Still, Toronto might enjoy tangible benefits under the terms of the agreement. Among them, Sidewalk has offered to “facilitate” a commitment from Alphabet to bring Google’s Canadian headquarters to the site as an anchor tenant. Sidewalk Labs’ representatives clarify that this involves “helping Google Canada find appropriate space” on the Eastern Waterfront. What this commitment means in terms of jobs and economic impact is unclear. In 2016, Google opened a new engineering headquarters in Kitchener-Waterloo, where Canada’s top engineering school is located. At 185,000 square feet, it’s more than a third the size of the entire Quayside site. Google’s existing Toronto office consists of five floors on Richmond Street and mostly handles sales, advertising, and business accounts. Google confirms that the current plan is to move the Richmond Street offices—around 300 employees out of Alphabet’s 75,000 globally—to the site, with little expansion for the time being. This move would be attractive to Waterfront, as it would move a large office to a part of the area that can feel deserted.  But when compared to the promise, the impact seems limited, at least for now.

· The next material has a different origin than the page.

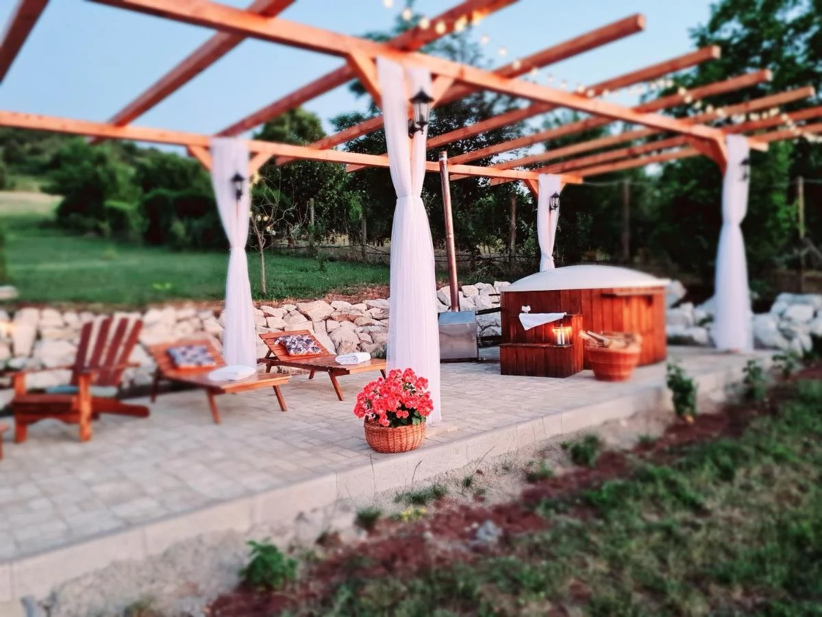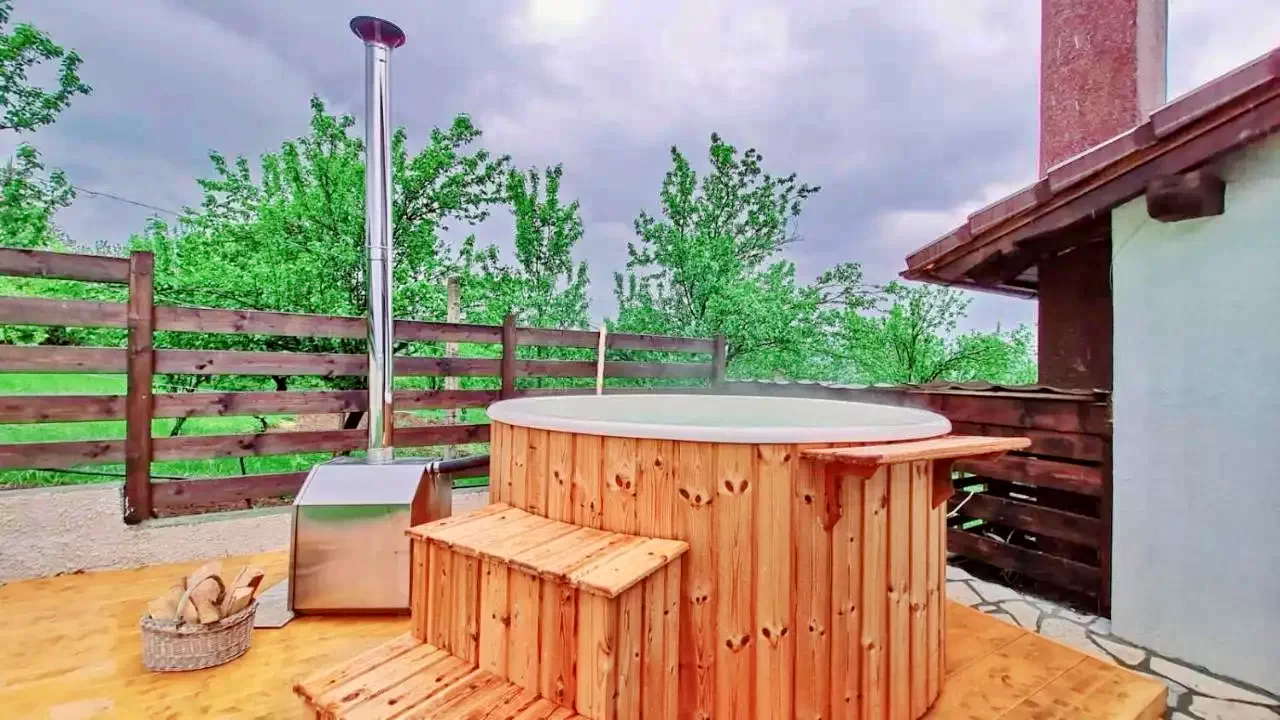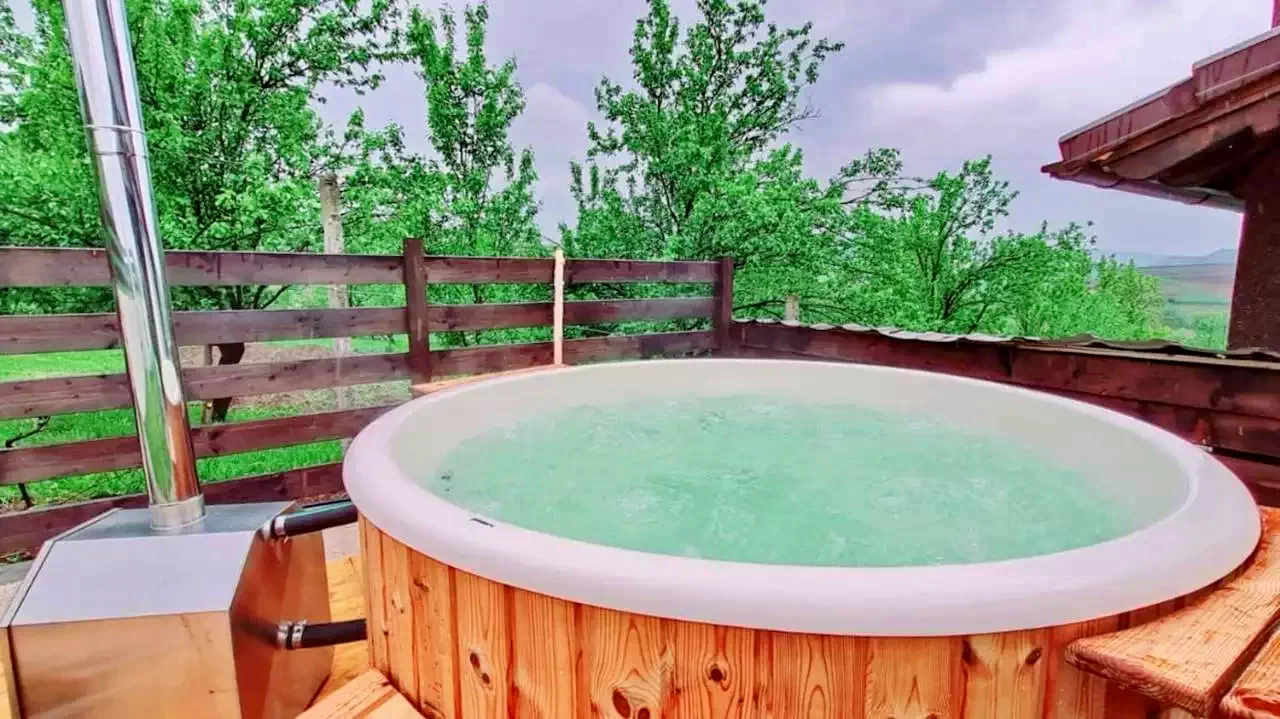 - A tökéletes szabadtéri pihenéshez a vendégház egy modern dézsafürdőt kínál üvegszálas belsővel rendelkező, fűtésrendszerrel, aeromasszázs rendszerrel, környezeti világítással és kvarchomok vízszűrő rendszerrel.

The framework agreement also calls for an “Urban Innovation Institute” at Quayside. Sidewalk’s vision document seems to see it as a quasi-­academic organization, “a place for collaboration and discussion, and an unprecedented opportunity for faculty and students to test their ideas in a real urban environment.” But it doesn’t talk about partnering with any of Toronto’s many universities and colleges. It’s unclear whether this would be an academic research unit subject to an academic ethics review board, or a private resource where researchers would work on Sidewalk’s technology portfolio. Sidewalk’s spokesperson told me the matter had not been settled.

Micah Lasher, a former New York City official in Michael Bloomberg’s administration and the current head of policy and communications at Sidewalk, strongly emphasized the ongoing nature of the planning and consultation process. “I would be circumspect about placing too much weight on any given idea in that [vision] document, because any given idea might not make its way into the final plan,” he told me. “We’re talking with lots of folks.”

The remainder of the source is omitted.